Localizing for an International Audience (chapter 11), I found extra interesting as I had recently implemented localization into a Windows Phone 7 application framework and because localization is something often brought up in Sweden, where I live. Not only just showing off the available APIs, this chapter discusses the localization files’ format, various presentation concerns when internationalizing an application and how to utilize .NET’s excellent globalization features to format dates, times, numbers and currencies. After reading this chapter, I got inspired to create a translation community where developers everywhere to help each other localize their apps, simply by crowd-sourcing their localization files. The community is available at

In chapter 13, the book brings up device concerns and which extra controls are available when you are targeting the iPad. It also details how to interpret gestures and how to build an app that works on both the iPhone and the iPad (an universal app).

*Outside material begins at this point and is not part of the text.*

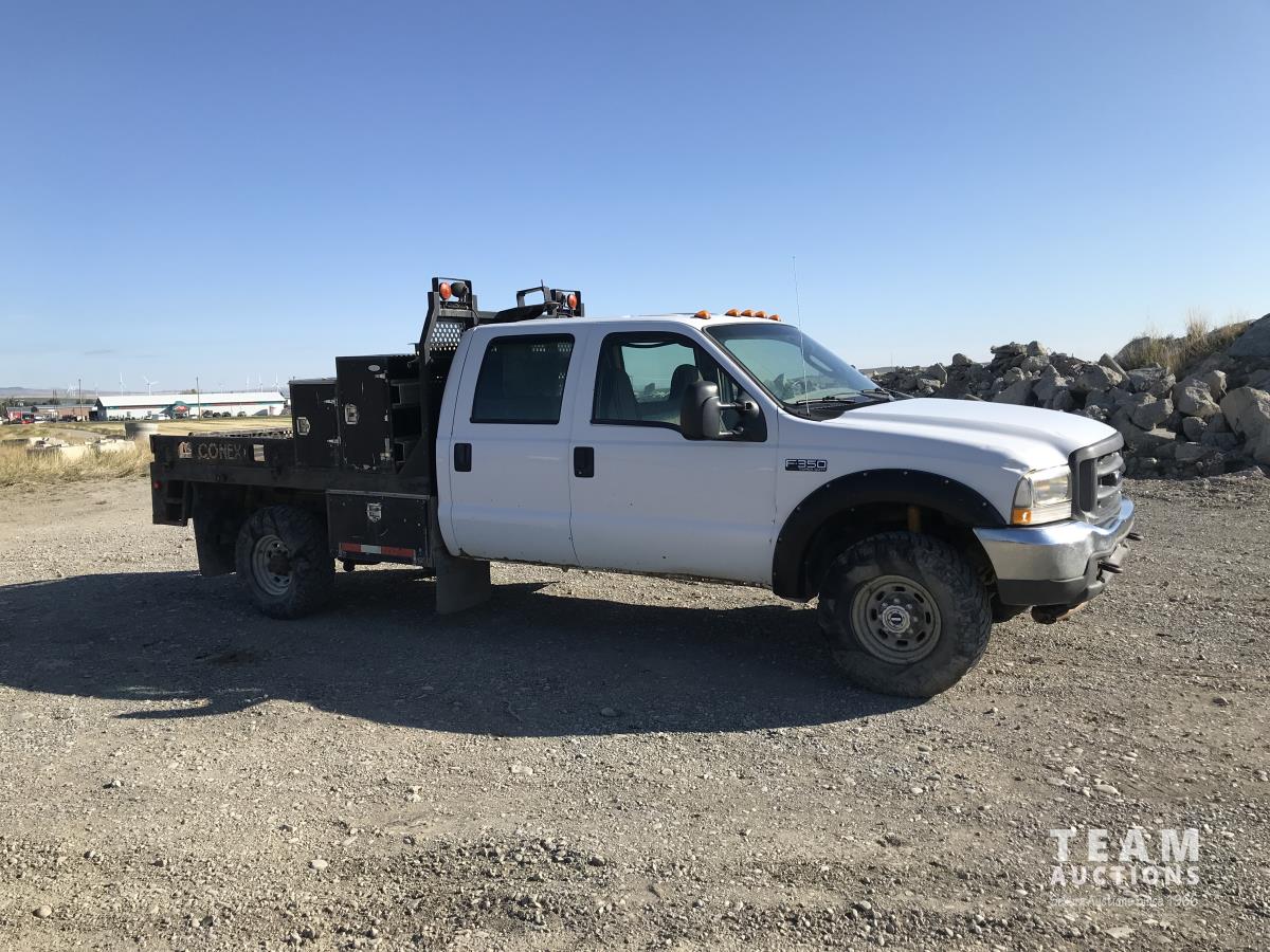 1026 2004 Ford F-350 XL 4X4 Crew Cab Flat Deck Truck

By this point, the authors hope that you are so comfortable with them, that you will not instantly push the book away on the thought of talking about Objective-C. Thus, chapter 14 attempts to give you just enough knowledge about the native programming APIs to be able to digest code examples found on the internet.

As you have fought your way through chapter 14, the final chapter of the book teaches you all about how the App Store works, and how you submit your apps to it. As a bonus feature, it also brings up how to promote your app, leaving your with a sense completeness.


I found the book very approachable and a good start for any .NET developer wanting to learn iOS development. It’s almost-perfect balance of descriptive text, code-examples and imagery explaining the concepts, makes it ideal to read away from your computer – for example when you commute, or on your vacation!